A Hostile Work Environment

Xanadu Weyr - Weyrleaders' Office
Office and retreat, this is the domain of Xanadu's Weyrleaders. The door is in the southern wall, quite close to the western end while the northern wall is dominated by big, expansive windows, framed by sumptuous deep blue drapes edged with a brilliant gold braid and tied back with a thick rope of braided gold and blue cord. In between, the western wall is covered floor to ceiling with shelves that house all sorts of records, manuals and supplies that are used on a day-to-day basis.

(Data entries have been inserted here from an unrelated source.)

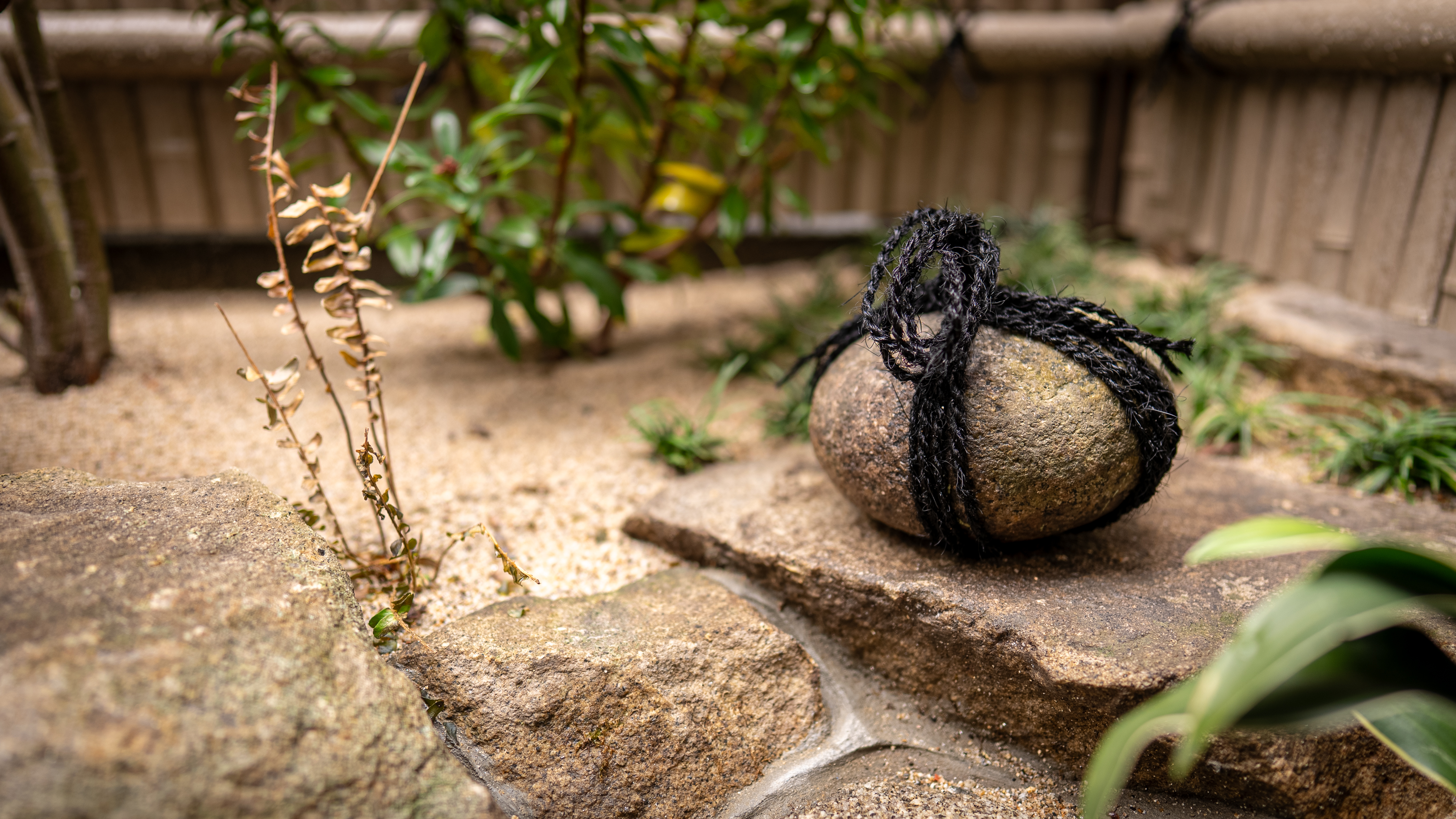 こちらの石は「関守石」というもので「これより先はご遠慮ください。」という境界の役目をしている石です。
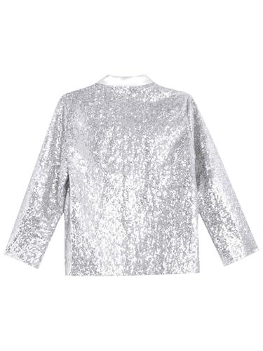 Girls Sequin Dance Jacket Kids Button Down Blazer Jacket Casual Long Sleeve Glitter Lapel Suit Coat 5
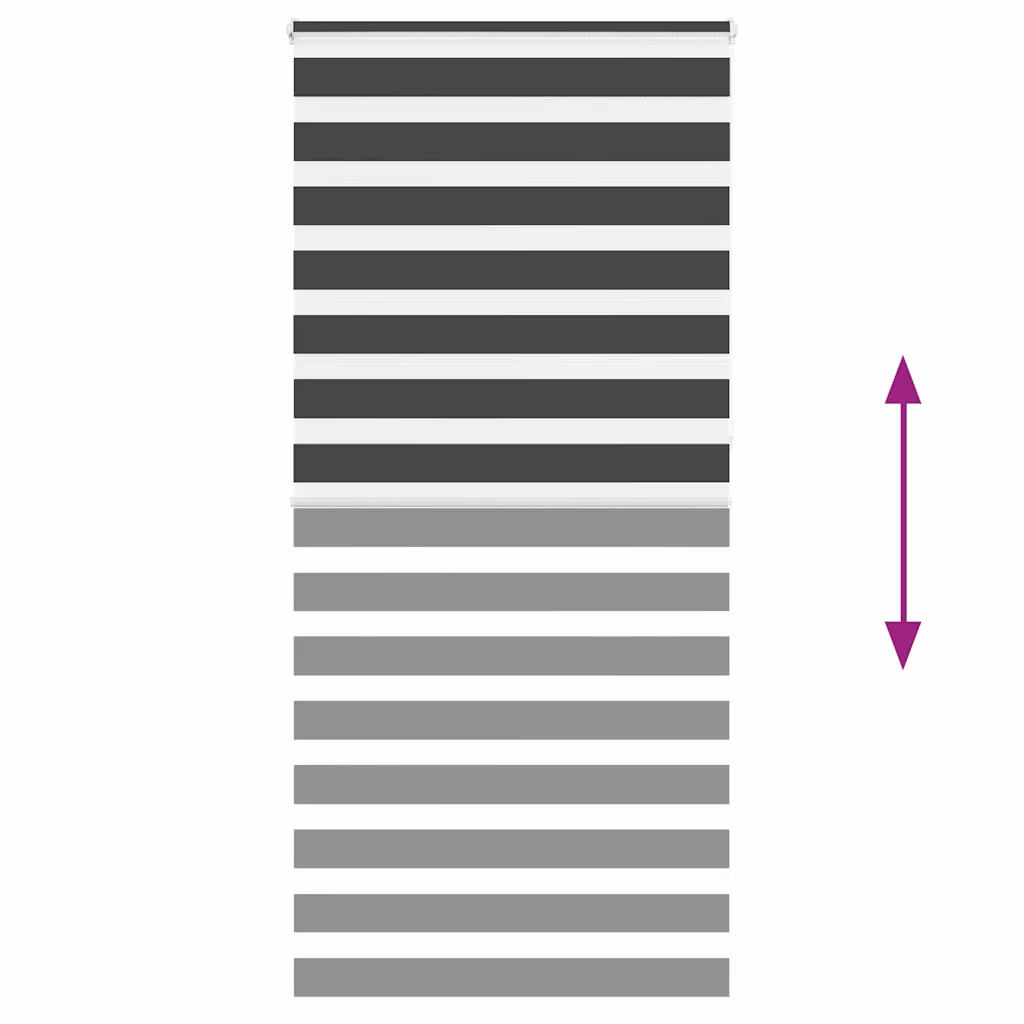 See must sebra ruloo aitab lihtsalt juhtida ruumi valgust ja privaatsust, sobides hästi elutuppa, magamistuppa või kontorisse. Kahekihiline triibuline kangas vahelduvate läbipaistvate ja läbipaistmatute ribadega võimaldab muuta akna katvust poolläbipaistvast kuni peaaegu täieliku pimenduseni. 100% polüesterkangas ja alumiiniumist ülemine siin tagavad vastupidavuse ning lihtsa hoolduse.
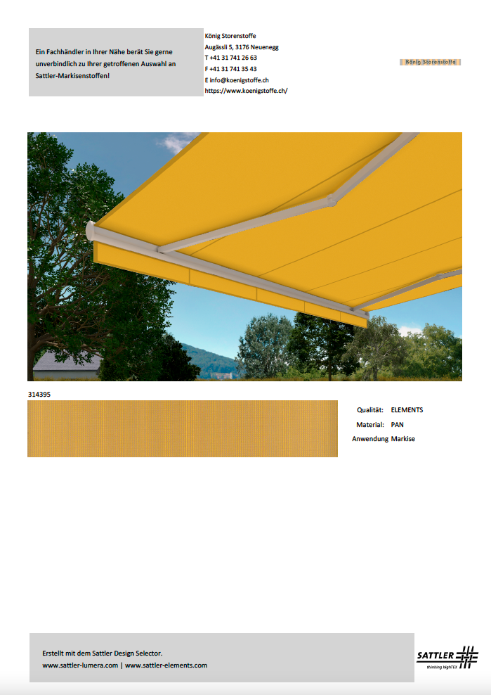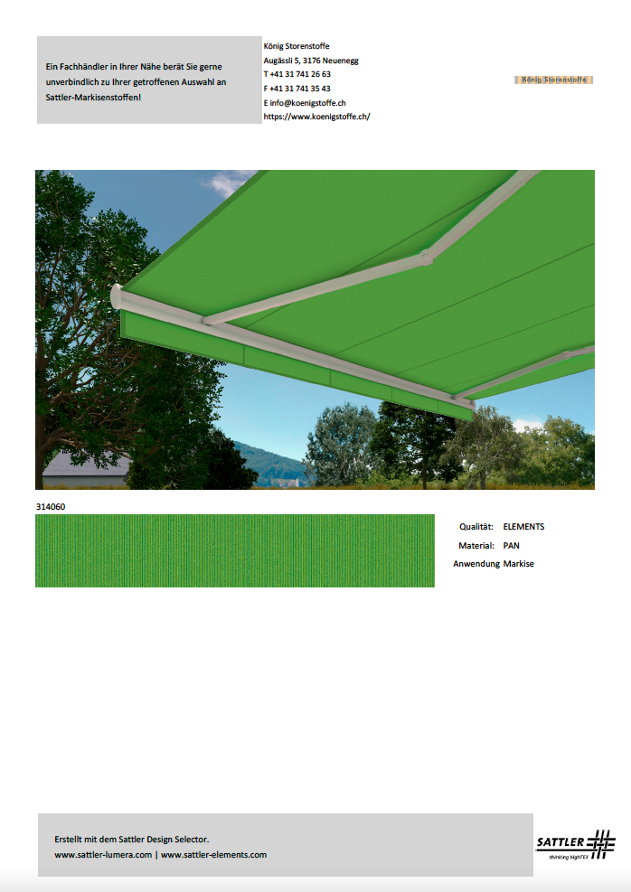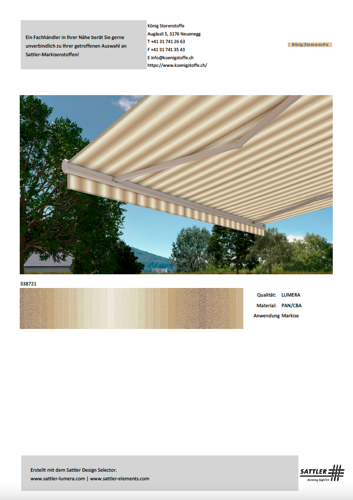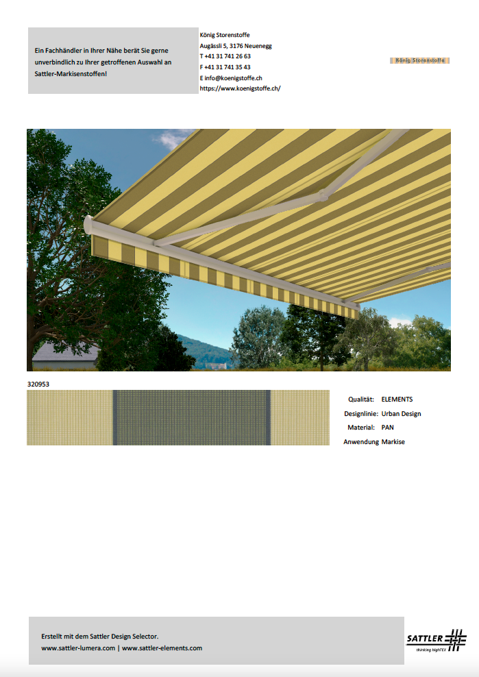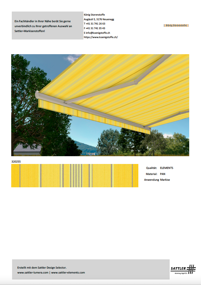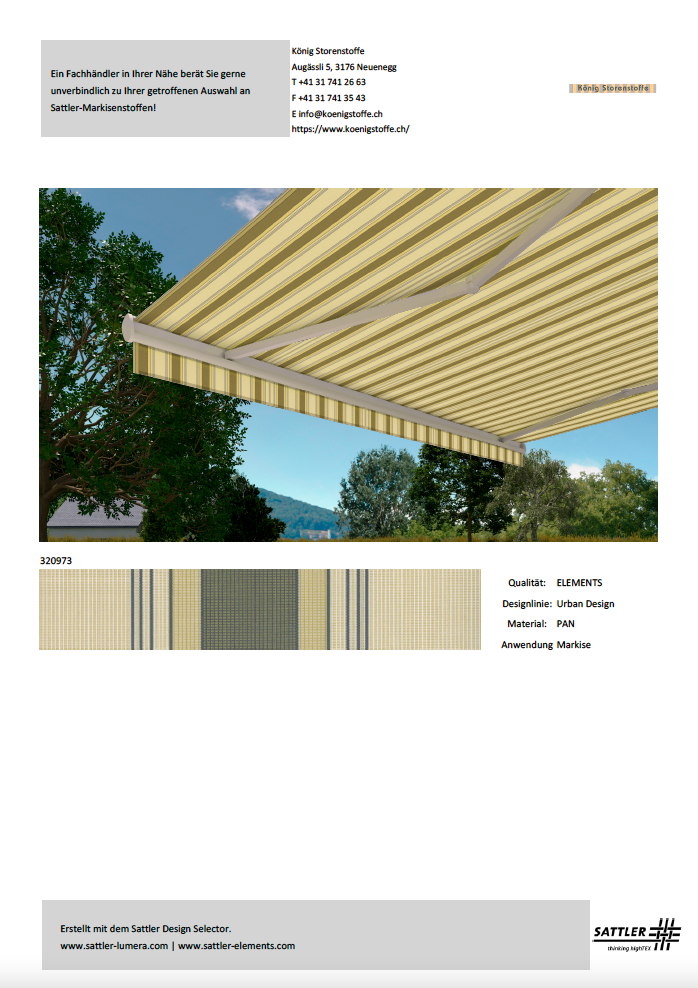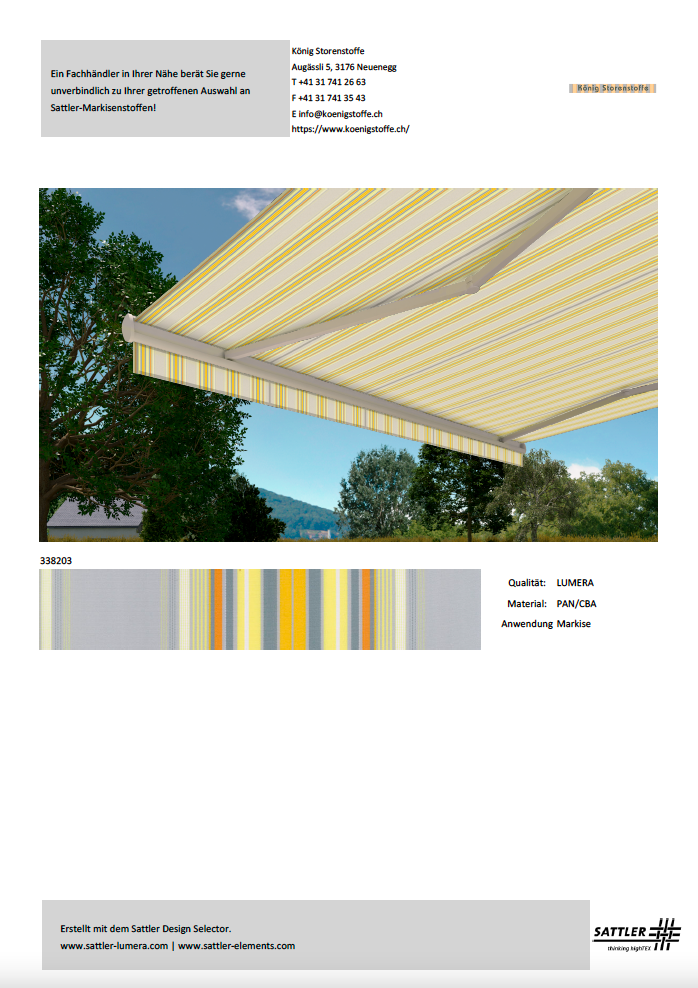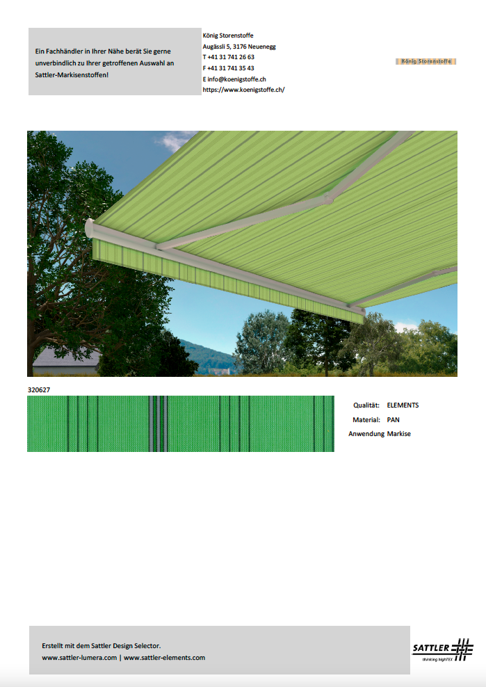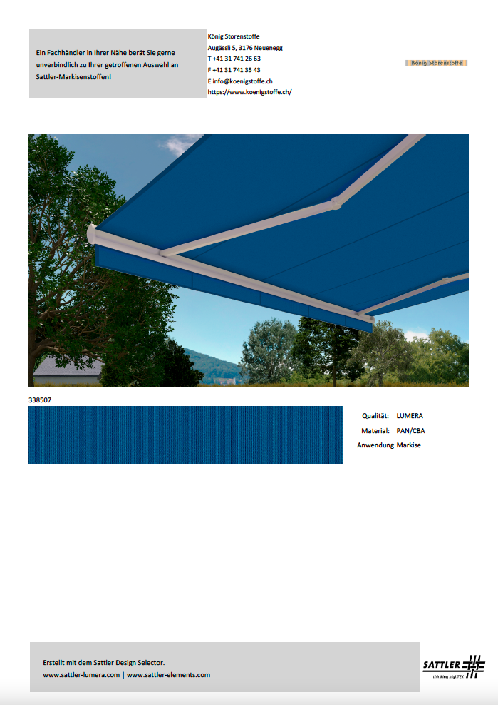 Bitte treffen Sie Ihren Kaufentscheid anhand von Stoffmustern.

The southern wall has the Weyrleader's desk — plain fellis wood, well polished and masculine. From behind his desk, the Weyrleader can look straight through the windows and out onto the main airspace of Xanadu. The eastern wall is where the Weyrwoman's desk resides: a lovely piece of furniture made of warm cherry wood. From her seat, a glance sideways gives her an equally good prospect out the window. There are a few other seats, some comfortably arranged around a low round table for small, informal meetings while there also some that can be drawn up to one of the desks.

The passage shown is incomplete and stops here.